The South Korean government is continuing its search efforts to locate the ship, known as The Stellar Daisy, which went missing over the weekend after making its last contact on Friday.

The search operations began on Saturday after the vessel’s crew dispatched a distress call, South Korea’s Yonhap news agency quoted the country’s Foreign Ministry as saying.

The 266,000-ton vessel left Brazil on March 26 and was on its way to China to unload the iron ore for storage and blending.

Rescue crews are searching the area about 2,500km (1,500 miles) from shore, east of Uruguay. Brazilian and Uruguayan authorities are also helping out with the search efforts, while all other ships in the area are being asked to keep a lookout for survivors.

Two of the crew members were discovered on a life raft on Saturday, local media reported. All other lifeboats found floating in the area were empty.

The vessel was operated by South Korean company, Polaris, and had 16 Filipinos and eight South Korean crew members aboard. The sunken ship was the same size as 100 tennis courts.

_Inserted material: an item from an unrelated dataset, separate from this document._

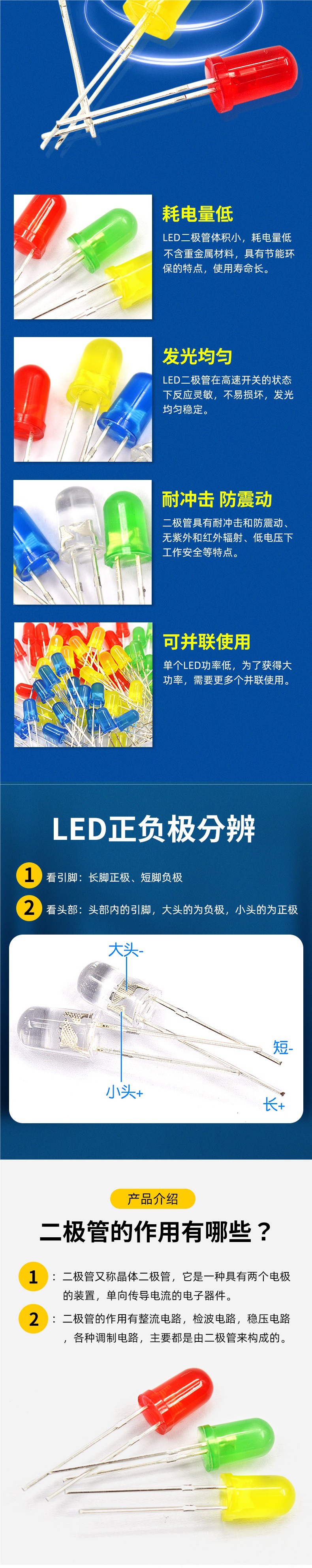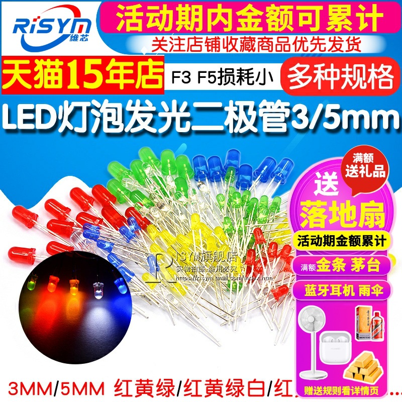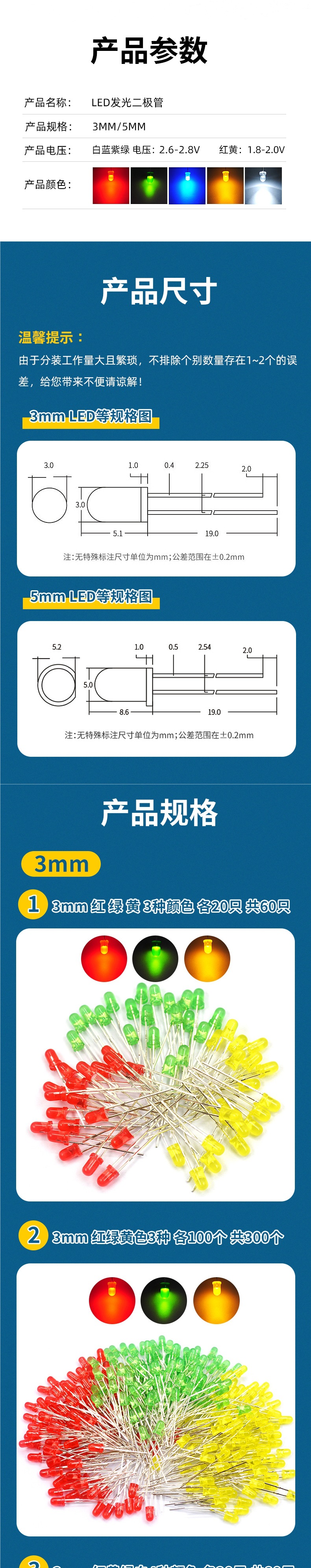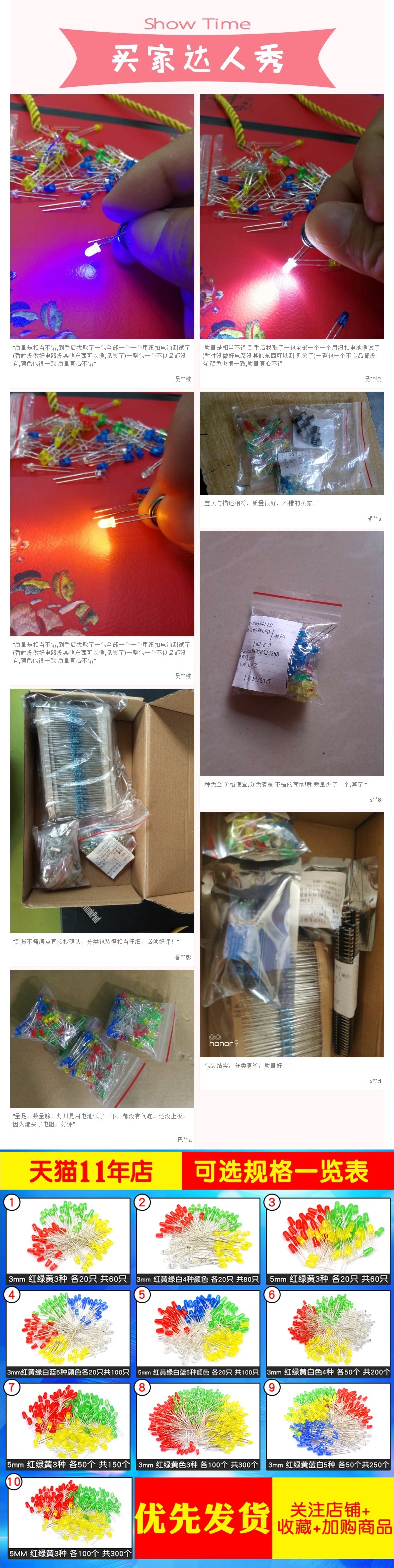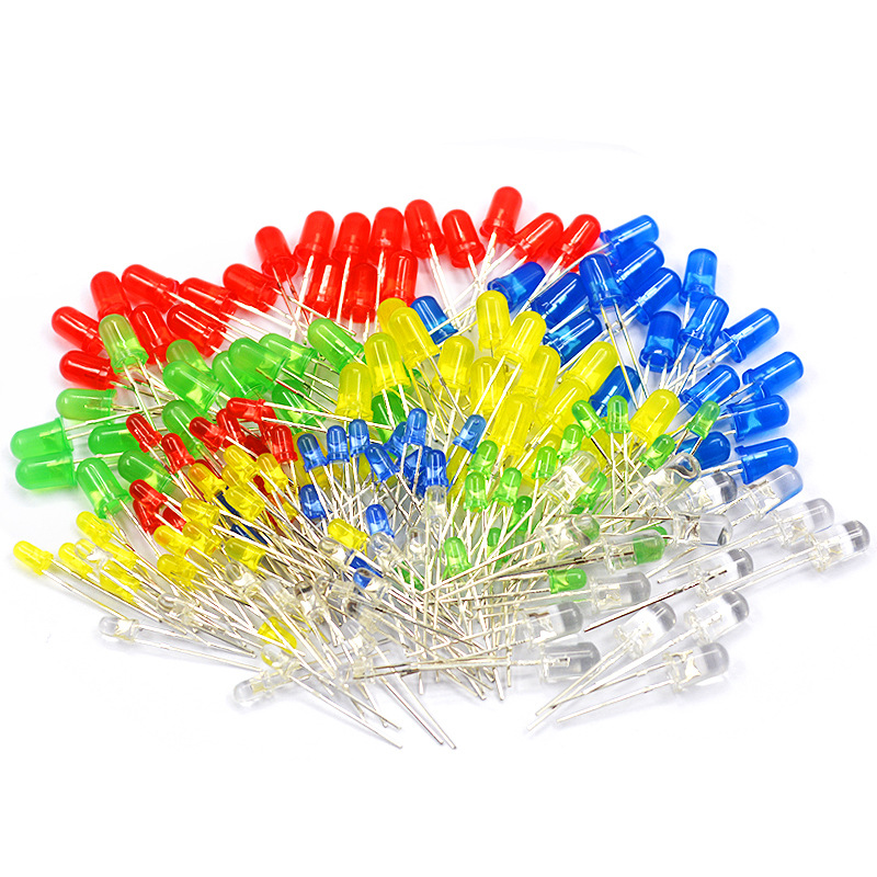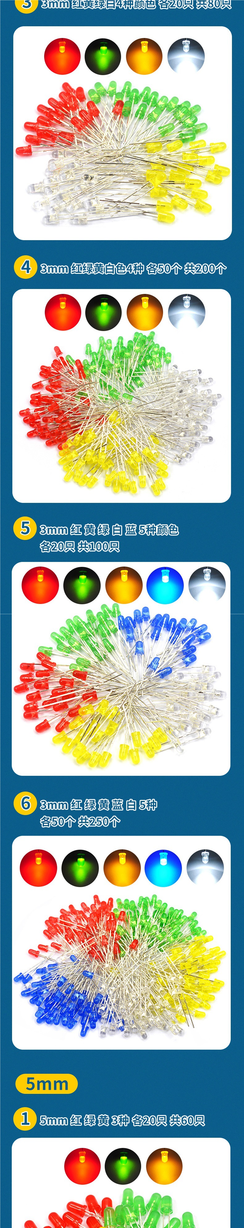 3 мм, 3 цвета: красный, зеленый и желтый, по 20 штук в каждом, всего 60 штук. 3 мм, 4 цвета: красный, желтый, зеленый и белый, по 20 штук в каждом, всего 80 штук. 5 мм, красный, зеленый и желтый.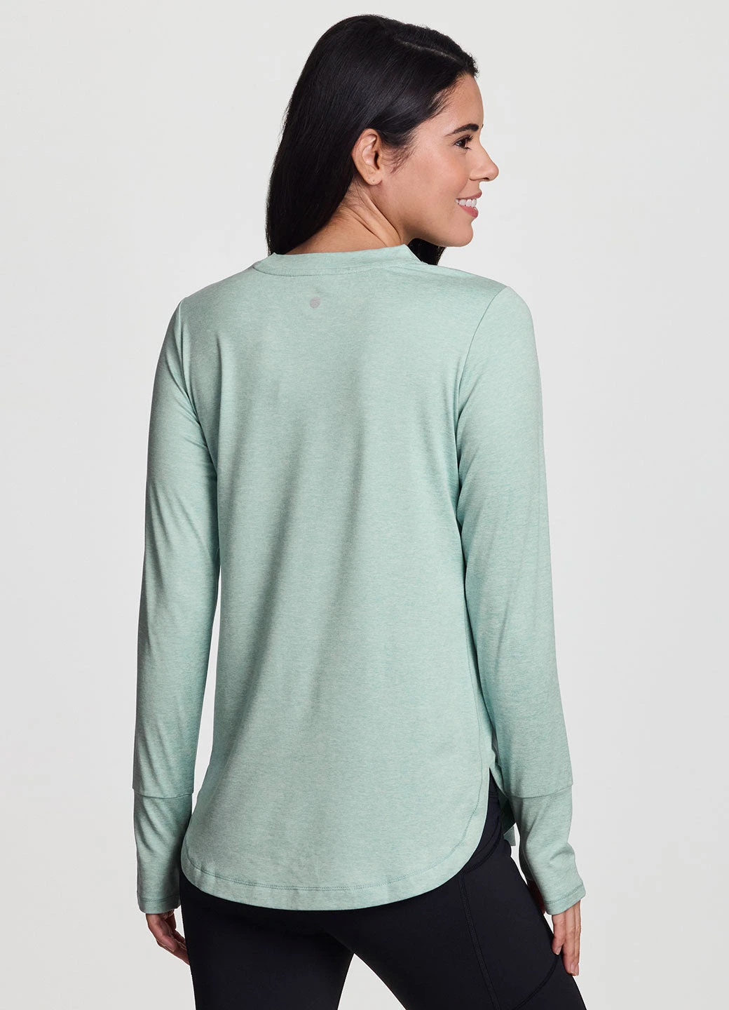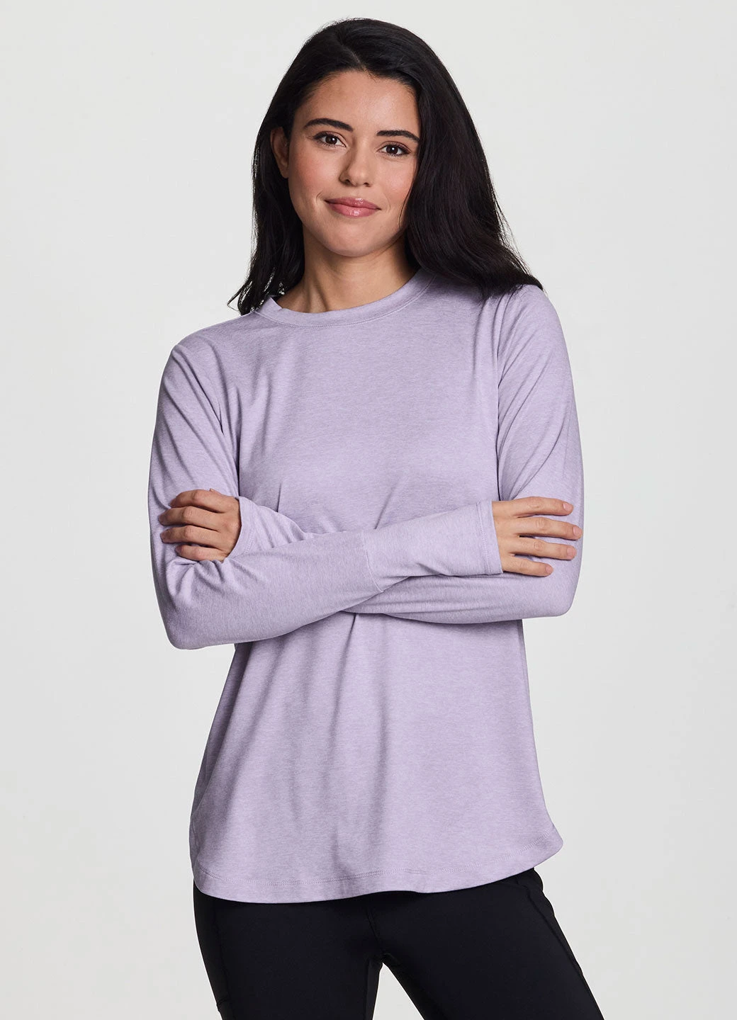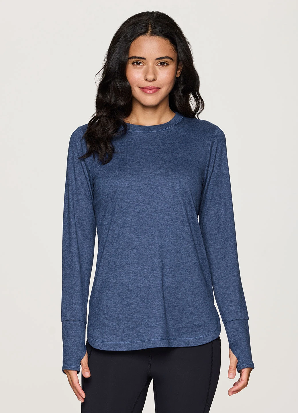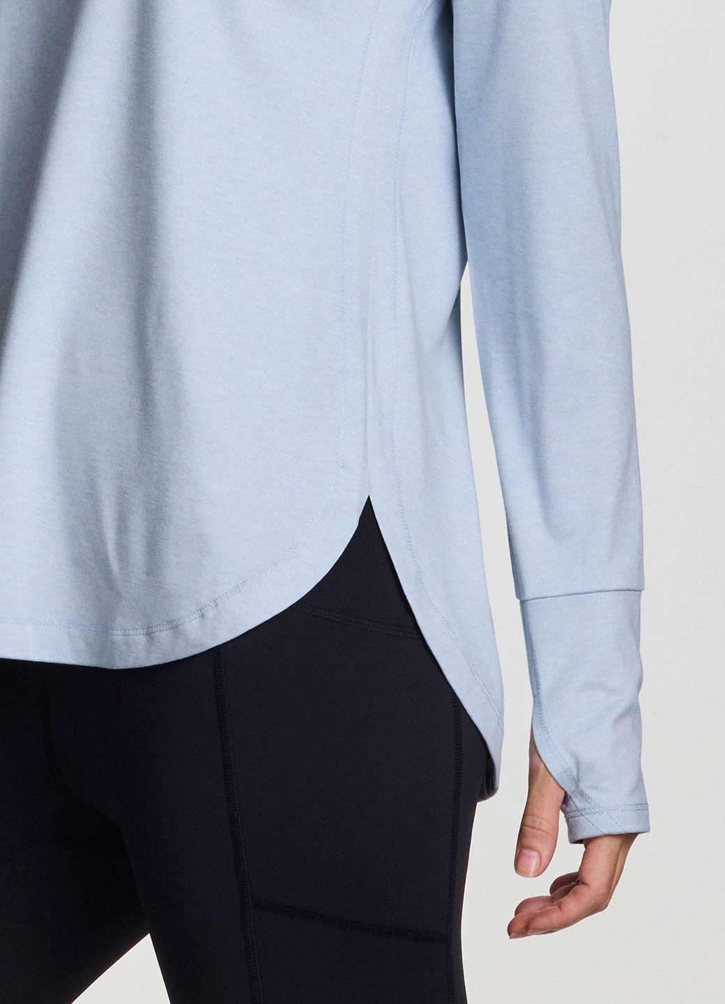 Practice your poses in our Studio Practice Long Sleeve Tunic Tee. With its longer tunic-length design and side slits, this long sleeve t-shirt fits comfortably and provides coverage in the areas you want it most. The super soft, stretchy peached fabric feels smooth and drapes your body for a flattering and comfortable fit. Finished with thumbholes to help keep sleeves in place for a full range of distraction-free movement, you can wear this training top to any workout.

The cargo on board the ship belonged to the Brazilian miner Vale SA, which said that the iron ore was insured, according to Reuters. Vale reportedly added that the contents of the vessel were properly stowed.

By Anna Golubova
For Kitco News

agolubova@kitco.com

www.kitco.com

Disclaimer: The views expressed in this article are those of the author and may not reflect those of Kitco Metals Inc. The author has made every effort to ensure accuracy of information provided; however, neither Kitco Metals Inc. nor the author can guarantee such accuracy. This article is strictly for informational purposes only. It is not a solicitation to make any exchange in precious metal products, commodities, securities or other financial instruments. Kitco Metals Inc. and the author of this article do not accept culpability for losses and/ or damages arising from the use of this publication.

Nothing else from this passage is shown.